> Supplied entries
******

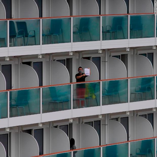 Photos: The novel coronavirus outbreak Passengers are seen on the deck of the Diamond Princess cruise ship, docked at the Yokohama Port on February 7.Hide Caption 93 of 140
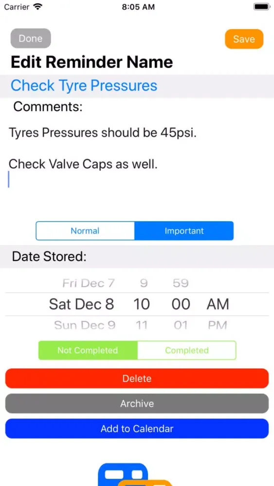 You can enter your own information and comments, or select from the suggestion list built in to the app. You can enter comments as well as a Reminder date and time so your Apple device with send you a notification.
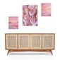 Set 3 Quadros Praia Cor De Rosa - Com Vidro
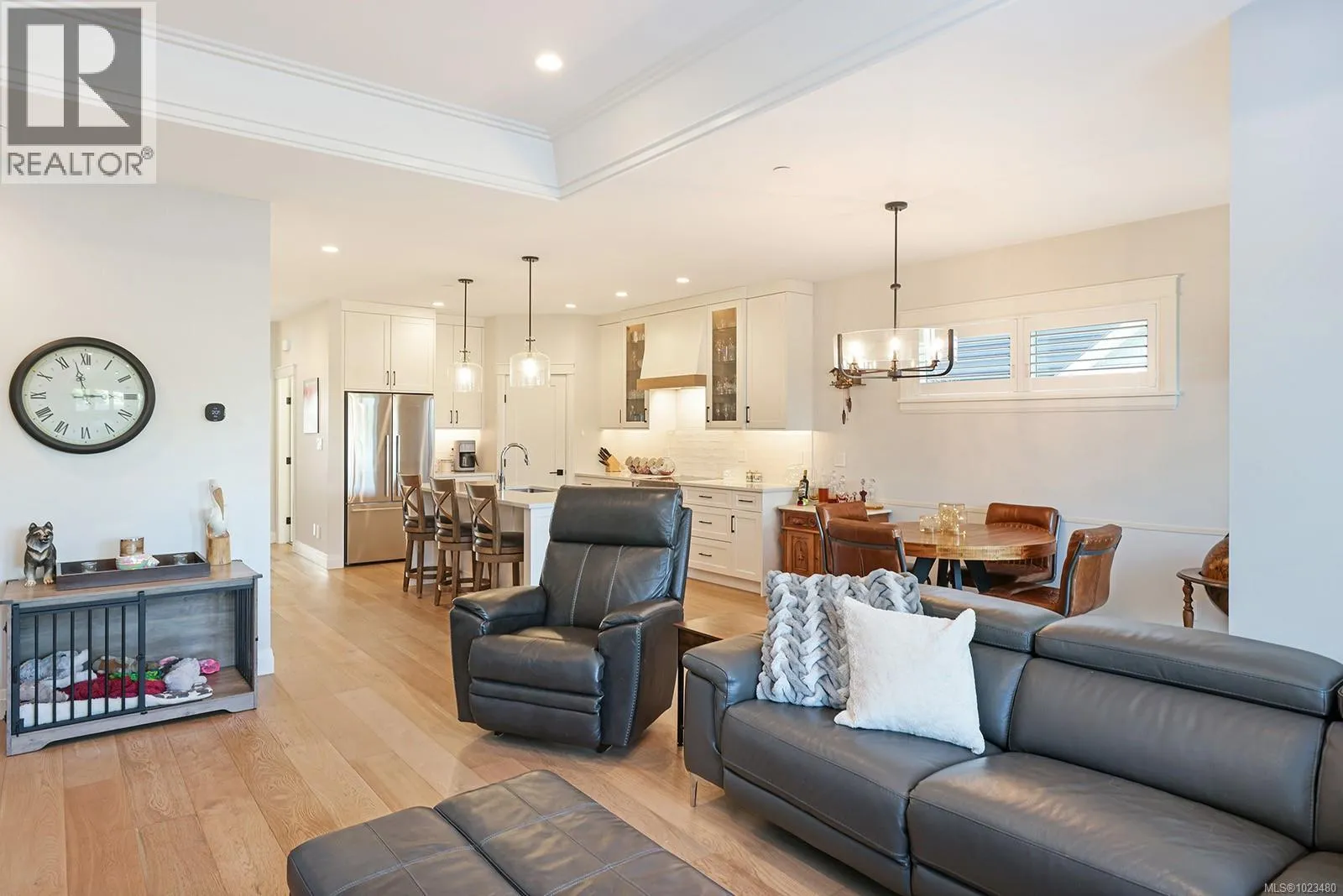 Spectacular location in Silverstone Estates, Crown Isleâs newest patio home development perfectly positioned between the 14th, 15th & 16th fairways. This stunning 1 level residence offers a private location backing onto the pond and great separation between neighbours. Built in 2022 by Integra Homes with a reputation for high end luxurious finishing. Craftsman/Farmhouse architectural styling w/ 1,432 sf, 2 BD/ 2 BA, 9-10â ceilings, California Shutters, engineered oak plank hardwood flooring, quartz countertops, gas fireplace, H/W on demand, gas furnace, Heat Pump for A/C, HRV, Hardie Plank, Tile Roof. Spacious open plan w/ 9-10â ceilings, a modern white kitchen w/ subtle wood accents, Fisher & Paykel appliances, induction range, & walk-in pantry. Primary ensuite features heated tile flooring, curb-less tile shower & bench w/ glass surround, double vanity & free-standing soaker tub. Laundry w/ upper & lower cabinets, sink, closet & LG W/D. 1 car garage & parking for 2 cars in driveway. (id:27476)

******

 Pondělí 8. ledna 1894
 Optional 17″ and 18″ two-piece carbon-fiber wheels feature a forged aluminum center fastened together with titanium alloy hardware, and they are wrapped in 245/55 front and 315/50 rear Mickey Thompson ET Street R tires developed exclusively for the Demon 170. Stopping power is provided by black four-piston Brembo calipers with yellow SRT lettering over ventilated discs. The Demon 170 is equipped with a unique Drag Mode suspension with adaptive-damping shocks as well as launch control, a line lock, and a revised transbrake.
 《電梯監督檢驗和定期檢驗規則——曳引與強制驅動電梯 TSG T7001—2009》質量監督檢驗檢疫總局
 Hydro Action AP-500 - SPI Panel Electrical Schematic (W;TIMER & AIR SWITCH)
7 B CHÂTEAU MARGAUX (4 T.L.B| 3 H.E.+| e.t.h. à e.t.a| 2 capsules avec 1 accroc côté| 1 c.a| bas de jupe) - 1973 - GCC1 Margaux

******

> Action item
Everything from the line with "Photos: The novel" through the line with "Spectacular location in" in the material above should be transcribed exactly, except the pictures.

> Output
 Photos: The novel coronavirus outbreak Passengers are seen on the deck of the Diamond Princess cruise ship, docked at the Yokohama Port on February 7.Hide Caption 93 of 140
 You can enter your own information and comments, or select from the suggestion list built in to the app. You can enter comments as well as a Reminder date and time so your Apple device with send you a notification.
 Set 3 Quadros Praia Cor De Rosa - Com Vidro
 Spectacular location in Silverstone Estates, Crown Isleâs newest patio home development perfectly positioned between the 14th, 15th & 16th fairways. This stunning 1 level residence offers a private location backing onto the pond and great separation between neighbours. Built in 2022 by Integra Homes with a reputation for high end luxurious finishing. Craftsman/Farmhouse architectural styling w/ 1,432 sf, 2 BD/ 2 BA, 9-10â ceilings, California Shutters, engineered oak plank hardwood flooring, quartz countertops, gas fireplace, H/W on demand, gas furnace, Heat Pump for A/C, HRV, Hardie Plank, Tile Roof. Spacious open plan w/ 9-10â ceilings, a modern white kitchen w/ subtle wood accents, Fisher & Paykel appliances, induction range, & walk-in pantry. Primary ensuite features heated tile flooring, curb-less tile shower & bench w/ glass surround, double vanity & free-standing soaker tub. Laundry w/ upper & lower cabinets, sink, closet & LG W/D. 1 car garage & parking for 2 cars in driveway. (id:27476)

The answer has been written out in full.